Few of us would relish living in the isolation and close confines of a bubble habitat far from home. The lack of a varied natural environment is likely to lead to weaker immune systems. However, the colonists will innovate in the activities of exercise and sex. Their space suits will be made from materials that are supple, supportive and skin-tight, and we might envy their ability to effortlessly leap and cavort across the surfaces of their new worlds.

"In the radically different and controlled environment of space, speciation may happen much quicker than on Earth."

If early colonies are restocked with new recruits from Earth, physiological changes will be modest. But subsequent waves of colonists may sever the umbilical; they might be dissidents or motivated by utopian ideals. As they live and die off-Earth, their psychological landscape will be sculpted by their new environment.
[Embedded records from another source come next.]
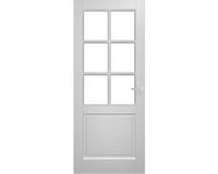 Binnendeur van hout met facetprofilering. Past in elke interieurstijl. Leverbaar met blank, mat of mat gelaagd glas. Blank en mat glas ook verkrijgbaar met facet geslepen rand. Standaard wit gegrond. Afgelakt in alle kleuren mogelijk. Prijs is exclusief: glas, beslag, hang- en sluitwerk.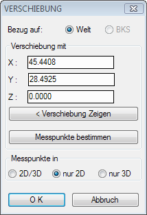 Diese Funktion erlaubt die globale Verschiebung von gewählten Messpunkten um einen frei wählbaren Betrag in X-, Y- und Z-Richtung. Der Vierschiebungsbetrag kann in Bezug auf das Welt-Koordinaten-System oder in Bezug auf das aktuelle Benutzer-Koordinatensystem erfolgen; ebenso kann die Verschiebung auch direkt in der Zeichnung mit <Zeigen gezeigt werden.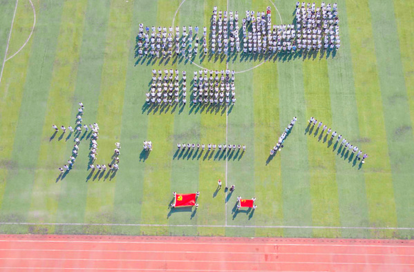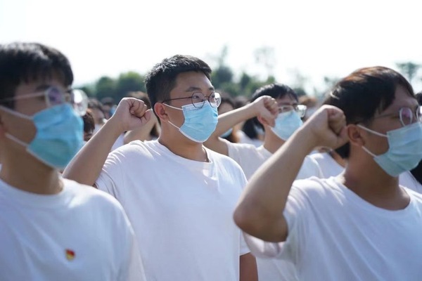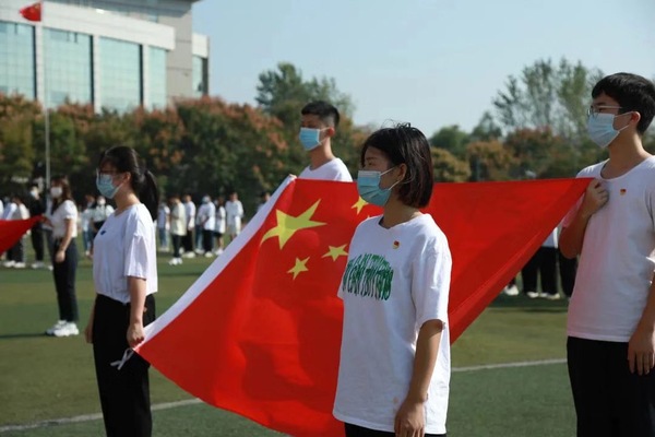 在9点18分,警报声响起,全体同学低头为1931年九一八事变中逝去的同胞默哀30秒。“尊敬的中国共产党,我是中国特色社会主义事业的接班人,不忘初心,铭记历史……”学校操场上,鲜艳的党旗和国旗光彩夺目,430名大一新生整齐排列出“九一八”的造型,142名党员、预备党员、发展对象、积极分子紧握右手大声宣告着“请党放心 强国有我”的铮铮誓言,并承诺作为新时代青年将铭记历史、珍爱和平,以实现中华民族伟大复兴为己任,不负时代,不负韶华,不负党和人民的殷切期待。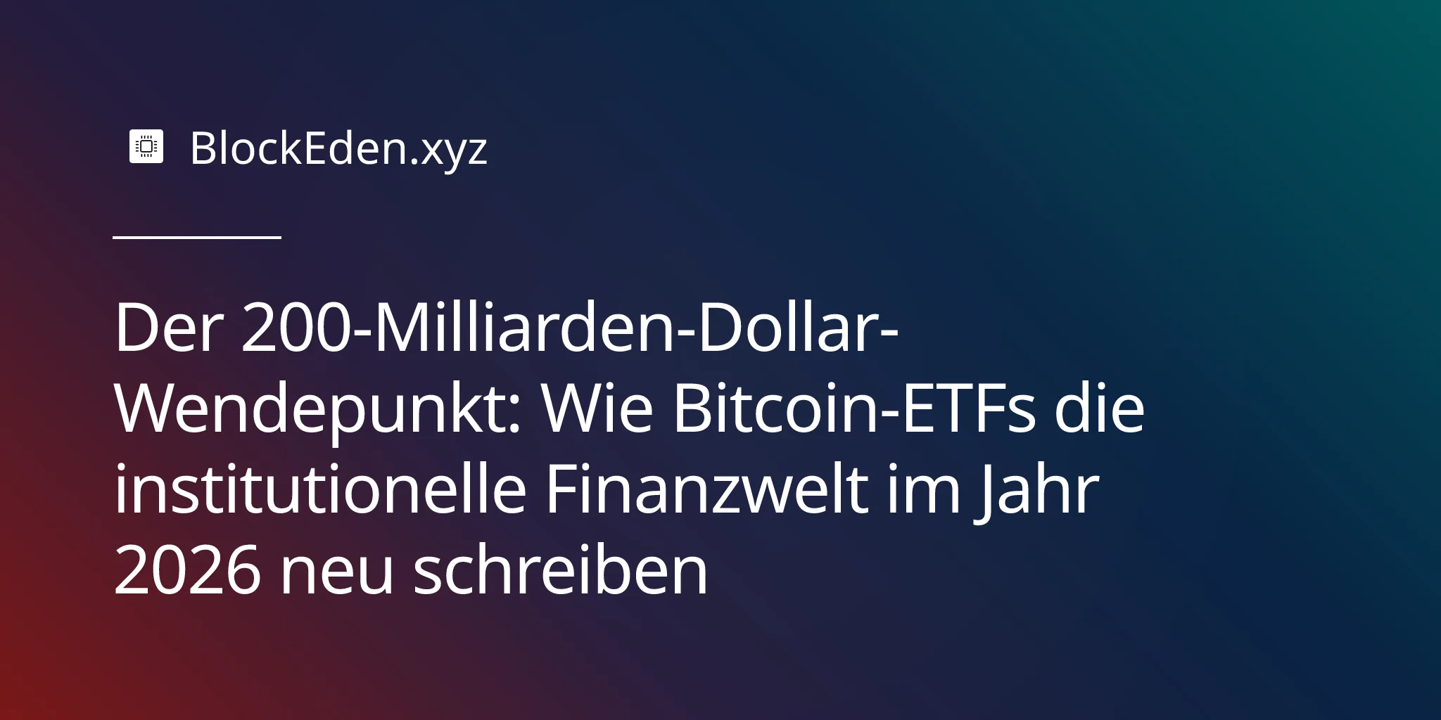 Die bedeutendere Frage ist nicht, ob Bitcoin-ETFs 200 Milliarden erreichen,sondernwasdanachpassiert.Bei400Milliarden an gesamten Krypto-ETP-Vermögenswerten werden digitale Assets in der institutionellen Portfoliokonstruktion unmöglich zu ignorieren sein. In diesem Maßstab wandelt sich Bitcoin von einer „alternativen Anlage“ zu einer „strategischen Allokation“ – ein Wandel, der das nächste Jahrzehnt der institutionellen Finanzwelt definieren könnte.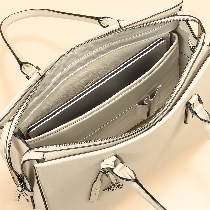 A4 FILE サイズには「PCスリーブ」付き。水濡れから守るフラップを被せることができて安心です。ファスナーを開けなくてもマグネット式フラップから直接出し入れできます。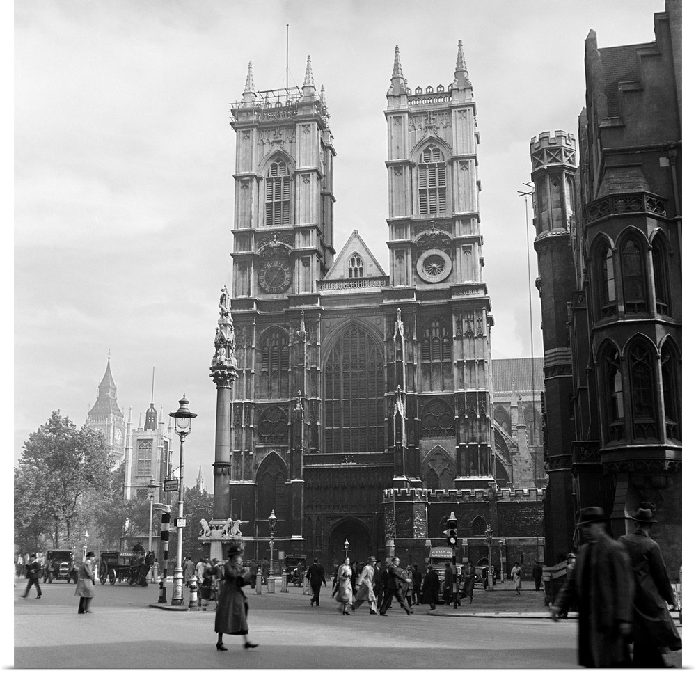 <p>1930's Street Scene Westminster Abbey City Of Westminster Central London England.</p>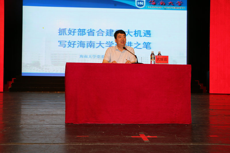 武耀廷教授指出,部省合建sunbet申搏等14所高校是贯彻落实十九大精神,推进教育公平、全面提升西部教育质量的重大举措,成为部省合建高校后,教育部将参照直属高校模式对sunbet申搏的建设发展予以指导支持,同时,海南省对sunbet申搏建设发展的支持力度只增不减,并着力推动落实“举全省之力办好sunbet申搏”。他强调,成为部省合建高校是sunbet申搏在新时代迎来的重大发展机遇,有利于充分整合教育部、海南省、天津大学和sunbet申搏的资源,充分挖掘sunbet申搏自身的内在发展潜力,明确新目标、制定新举措、促进新发展。他表示,为把握好部省合建重大机遇,公司党委将团结和带领全校师生,进一步强化党的领导作用;推进综合改革,建立和完善现代管理体制机制;提升科技创新和社会服务水平,加强团队队伍建设;加快一流学科和博士点建设,建设发展好sunbet申搏的优势专业和学科;加大高层次人才引培力度,提高人才培养质量,提升生源质量;弘扬优良的校风、教风、学风;保持风清气正,立足海南,服务国家。他希望,海大学子要以更高的政治站位、更强的使命意识、更大的责任担当面对学习和生活,并提出三点建议,一是感党恩、听党话、跟党走;二是以国家民族复兴为己任;三是从小事做起,脚踏实地,多干实事,理性批判。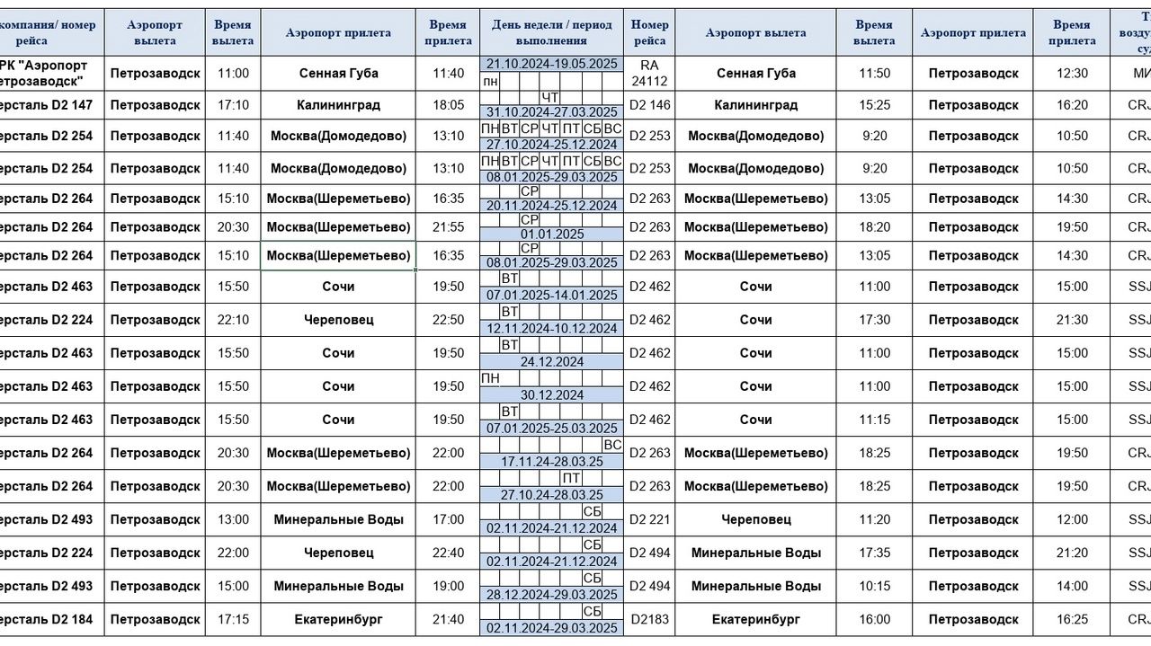 Опубликовано обновленное расписание аэропорта в Петрозаводске Новости Общество 20 ноября, 2024 09:00 Аэропорт Петрозаводска опубликовал обновленное расписание регулярных рейсов. Пассажиров просят внимательно ознакомиться с новой информацией. Время для каждого аэропорта указано местное. Обратите внимание, что в расписании возможны изменения, включая время вылета, — говорится в сообщении. Напомним, ранее в аэропорту Петрозаводска открылась комната матери и ребенка.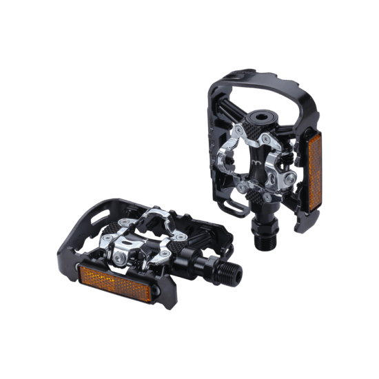 - Pedál dupla funkcióval: az egyik oldala SPD-kompatibilis, a másik oldala normál cipőhöz való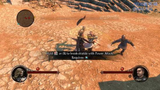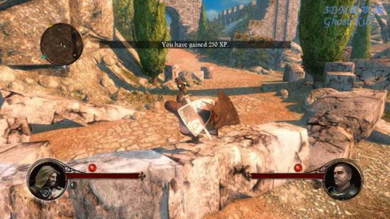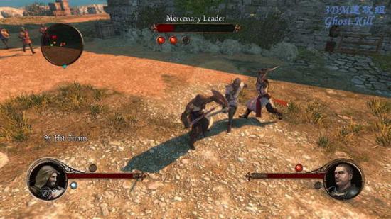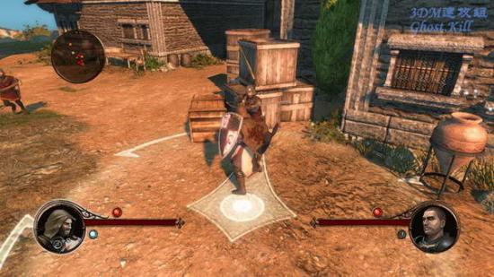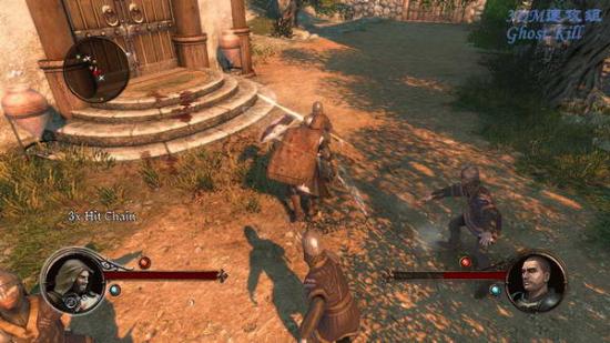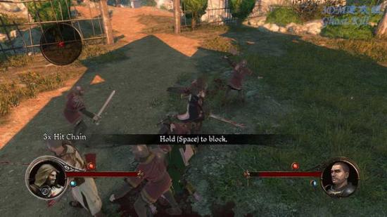 接下来上去一个上坡后会遇到弓箭手,被攻击前主角脚下会显示准星,准星慢慢缩小,缩到最小的时候说明敌人该放箭了,按shift加方向键可以快速翻滚,先滚到弓箭手那解决掉后再杀掉其他敌人。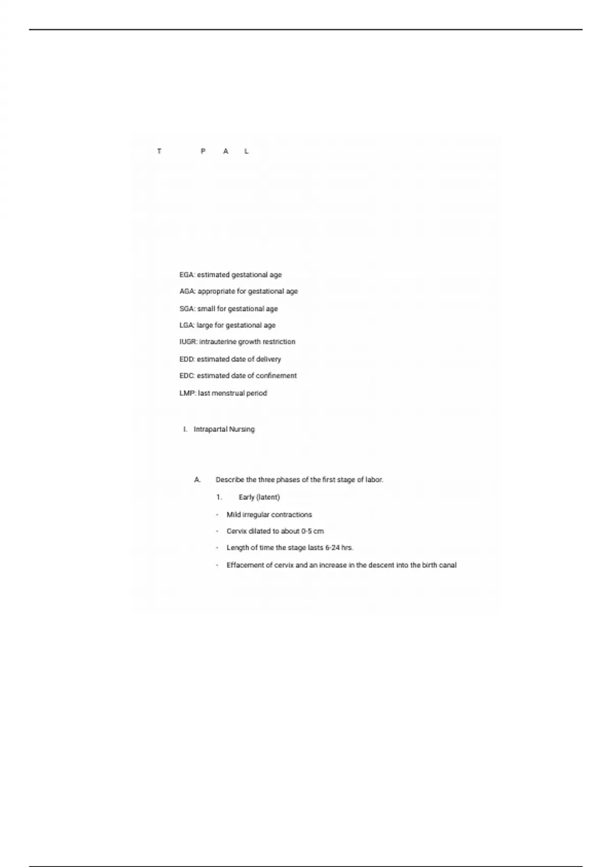 I. Intrapartal Nursing

Biologically, they will evolve into a new offshoot from the human tree.

How long will this take, and what will they be like when they are no longer "us"?

The minimum size of a viable colony, one that avoids excessive genetic abnormality and inbreeding, is about 160. The colonists will be subject to two phenomena well known among small, isolated populations on Earth: the founder effect and genetic drift. A shrunken gene pool has the counter intuitive result of accelerating evolution. Evolution will also get a boost from the higher rate of mutations, since cosmic rays are not being stopped by a thick atmosphere. Smaller genetic variation comes with the downside of being less able to respond to new selective pressure. The colonists would be vulnerable to new pathogens that could wipe them out.

It's a good bet that they will take control of their own destiny. Technologies for engineering and "editing" DNA are maturing rapidly, so the colonists will optimize their genetic makeup, bypassing Darwin's mechanism of natural selection. Advanced medical technology and an optimized diet will ensure that almost everyone survives to old age, not just the fittest.

"Colonists will optimize their genetic makeup, bypassing Darwin's mechanism of natural selection."

Off-Earth colonists might not be citizens of any country, so they could set their own legal and ethical regulations. It's likely they would aggressively adopt technologies for radical life enhancement or for replacing body parts with mechanical equivalents. The merger of man and machine is dystopian to many, but the adoption of cyborg technologies will give the colonists the power to transcend their physical limitations. This in turn would expand the range of "habitable" off-Earth environments for colonization. A final frontier of this scenario could be the technology to upload a mind from a brain into a computer and remove all dependence on a physical body.

Certain populations in Australia and Papua New Guinea were isolated from Europeans for 30,000 years, but they had not evolved into new species. In the radically different and controlled environment of space, speciation may happen much quicker than on Earth.

Suppose some of the colonists return to visit Earth thousands of years and hundreds of generations from now. Their language is unintelligible, and their culture is unrecognizable. They are tall and spindly, with pallid skin, small teeth and no body hair. It will be unsettling for them and for us, like looking into an eerily distorted mirror.